# Soundstage and imaging of speakers...



## NBPk402 (Feb 21, 2012)

Is it as important to setup a pair of speakers for soundstage imaging when you are using Audyssey? I am tending to think the differences in speakers is not as great when they are run through the processor vs no processing at all. Which brings up another issue... Does it make auditioning a pair of speakers prior to purchase as necessary as it is when they will be for 2 channel only with no processing?


----------



## lcaillo (May 2, 2006)

I think it is still important to find the optimum location and orientation for imaging. It is more about reflections than boudary affects and frequency response. Some of the correction might affect imaging and it may be necessary to perform several iterations, but if you place the speakers where they perform best to start with, it is unlikely that you will make many changes after running the correction.


----------



## AudiocRaver (Jun 6, 2012)

ellisr63 said:


> Is it as important to setup a pair of speakers for soundstage imaging when you are using Audyssey? I am tending to think the differences in speakers is not as great when they are run through the processor vs no processing at all. Which brings up another issue... Does it make auditioning a pair of speakers prior to purchase as necessary as it is when they will be for 2 channel only with no processing?


I agree with Leonard. However there can be _some_ truth in what you suggest, depending on many factors.

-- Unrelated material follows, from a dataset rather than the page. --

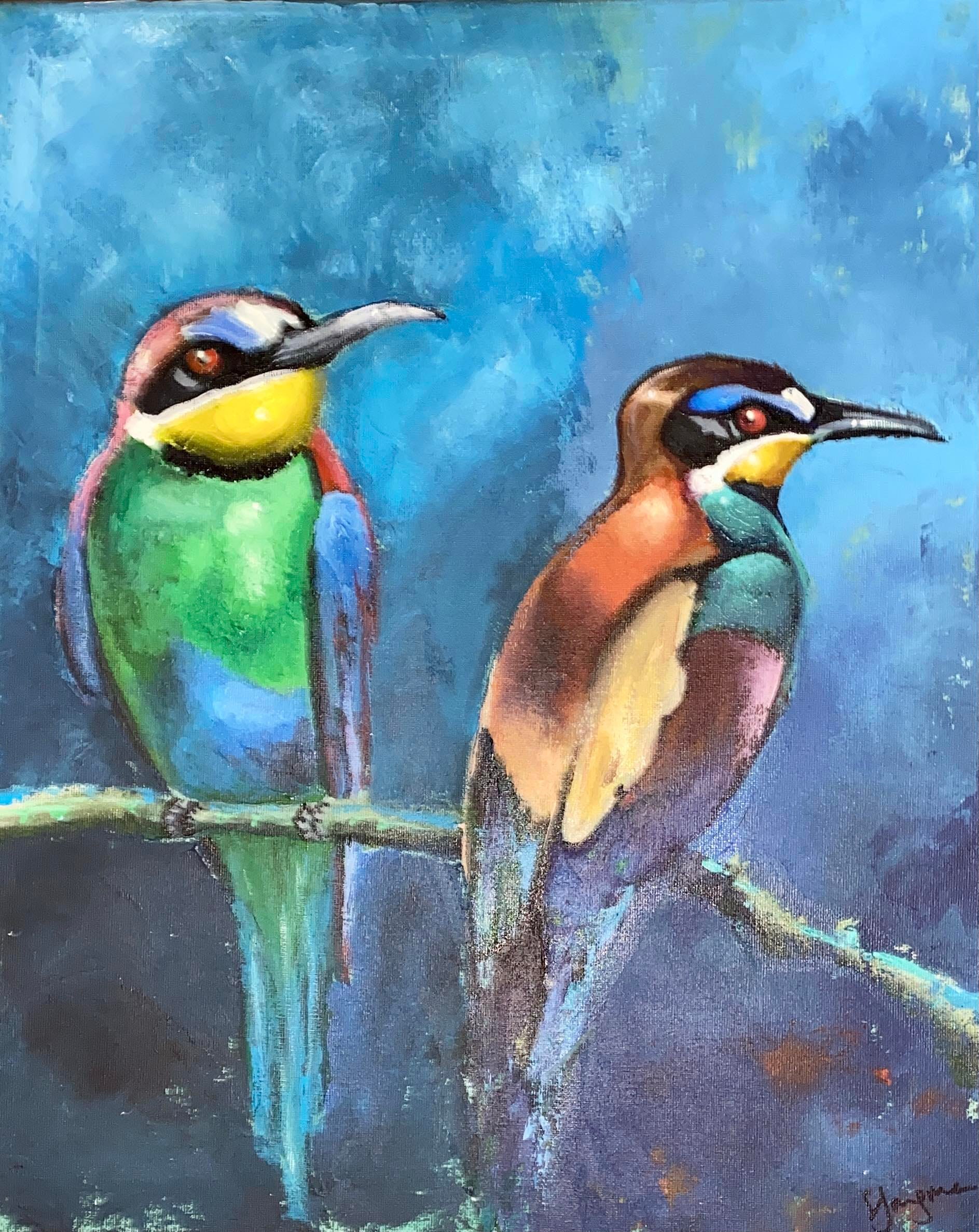 Their aim with art in troubled times seems to be to show how art saves us. Sophie does do more socially pointed work, but she also does birds. “There’s always pressure on me to do more birds.” The pieces complement each other, with Sophie intending to intersperse her bird paintings amongst Peter’s landscapes and then, if possible, have a Bluetooth speaker play birdsong to give the exhibition a positive feel.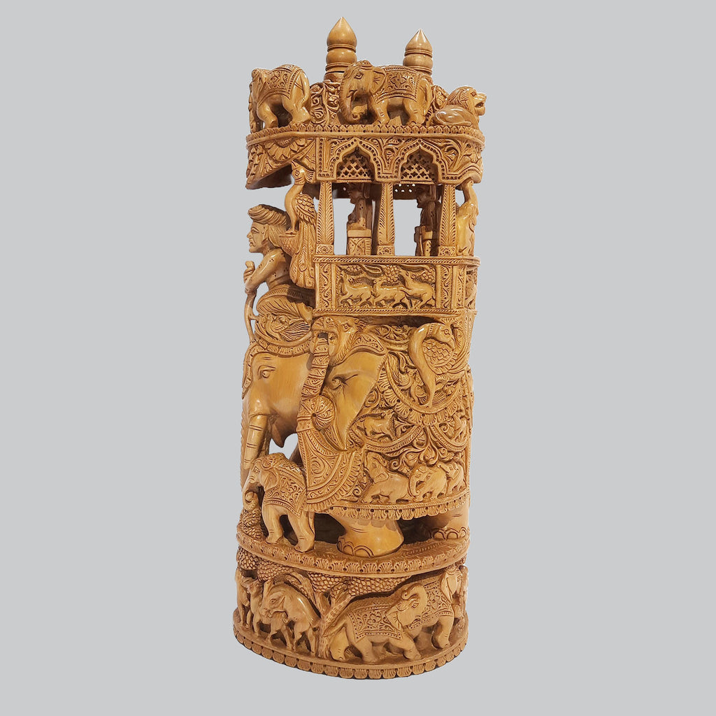 Exquisitely handcrafted from pure sandalwood, this artefact exudes natural fragrance and timeless charm. The intricate motifs and graceful contours draw inspiration from the architectural beauty of South Indian temples, making it a true work of art. With its fine detailing and soothing aroma, it adds a touch of tradition, serenity, and elegance to any space — perfect for home décor or gifting.

My own experience with soundstage & imaging has been that if speakers are set up for poor imaging, no amount of EQ or processing will make it really good. EQ can make pretty good imaging somewhat better. And yes, Audyssey can help _reduce_ variations between speakers. But it is easy to count on having EQ or room correction (Audyssey) do too much and end up being disappointed. I suggest getting speakers that are as close as what you want as you can get, then set them up the best you can - just as Leonard has suggested - then use Audyssey for fine tuning.


----------



## ajinfla (May 10, 2009)

ellisr63 said:


> Is it as important to setup a pair of speakers for soundstage imaging when you are using Audyssey?


I'd say yes. If 2ch is important to you. A pair set up to give "good" stereo imaging to the listener, should also sound good in MCH. But vice versa isn't necessarily true.



ellisr63 said:


> I am tending to think the differences in speakers is not as great when they are run through the processor vs no processing at all.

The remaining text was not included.